→ YOUR OBJECTIVE: Exclude all pictures from your copy of the data below, which should otherwise match exactly.
::: GIVEN INFORMATION
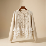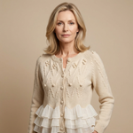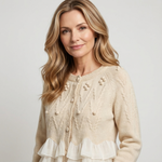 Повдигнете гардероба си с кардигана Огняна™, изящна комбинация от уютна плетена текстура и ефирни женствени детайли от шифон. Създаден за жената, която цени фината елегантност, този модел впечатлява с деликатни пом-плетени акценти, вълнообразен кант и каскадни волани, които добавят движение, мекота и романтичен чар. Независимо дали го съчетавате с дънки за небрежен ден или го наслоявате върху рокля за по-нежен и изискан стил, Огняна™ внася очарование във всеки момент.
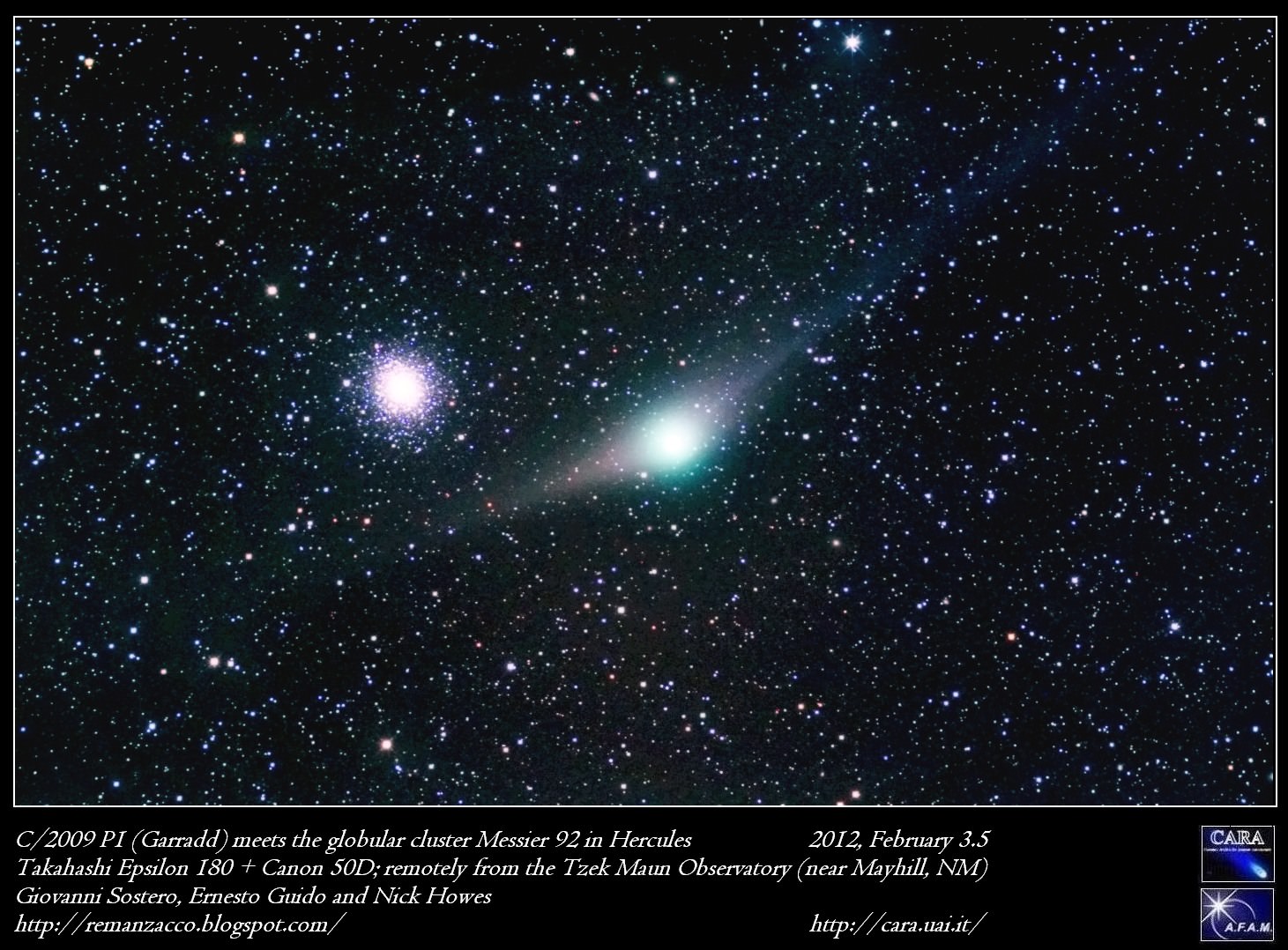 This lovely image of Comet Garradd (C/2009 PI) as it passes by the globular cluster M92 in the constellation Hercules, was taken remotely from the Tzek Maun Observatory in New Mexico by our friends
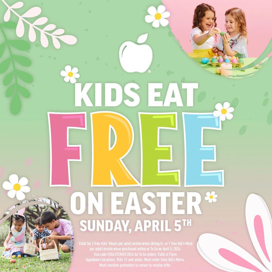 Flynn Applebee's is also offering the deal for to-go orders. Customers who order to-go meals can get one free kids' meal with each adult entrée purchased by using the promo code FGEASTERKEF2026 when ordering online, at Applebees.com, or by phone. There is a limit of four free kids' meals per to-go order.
::::::
→ TASK ANSWER:
 Повдигнете гардероба си с кардигана Огняна™, изящна комбинация от уютна плетена текстура и ефирни женствени детайли от шифон. Създаден за жената, която цени фината елегантност, този модел впечатлява с деликатни пом-плетени акценти, вълнообразен кант и каскадни волани, които добавят движение, мекота и романтичен чар. Независимо дали го съчетавате с дънки за небрежен ден или го наслоявате върху рокля за по-нежен и изискан стил, Огняна™ внася очарование във всеки момент.
 This lovely image of Comet Garradd (C/2009 PI) as it passes by the globular cluster M92 in the constellation Hercules, was taken remotely from the Tzek Maun Observatory in New Mexico by our friends
 Flynn Applebee's is also offering the deal for to-go orders. Customers who order to-go meals can get one free kids' meal with each adult entrée purchased by using the promo code FGEASTERKEF2026 when ordering online, at Applebees.com, or by phone. There is a limit of four free kids' meals per to-go order.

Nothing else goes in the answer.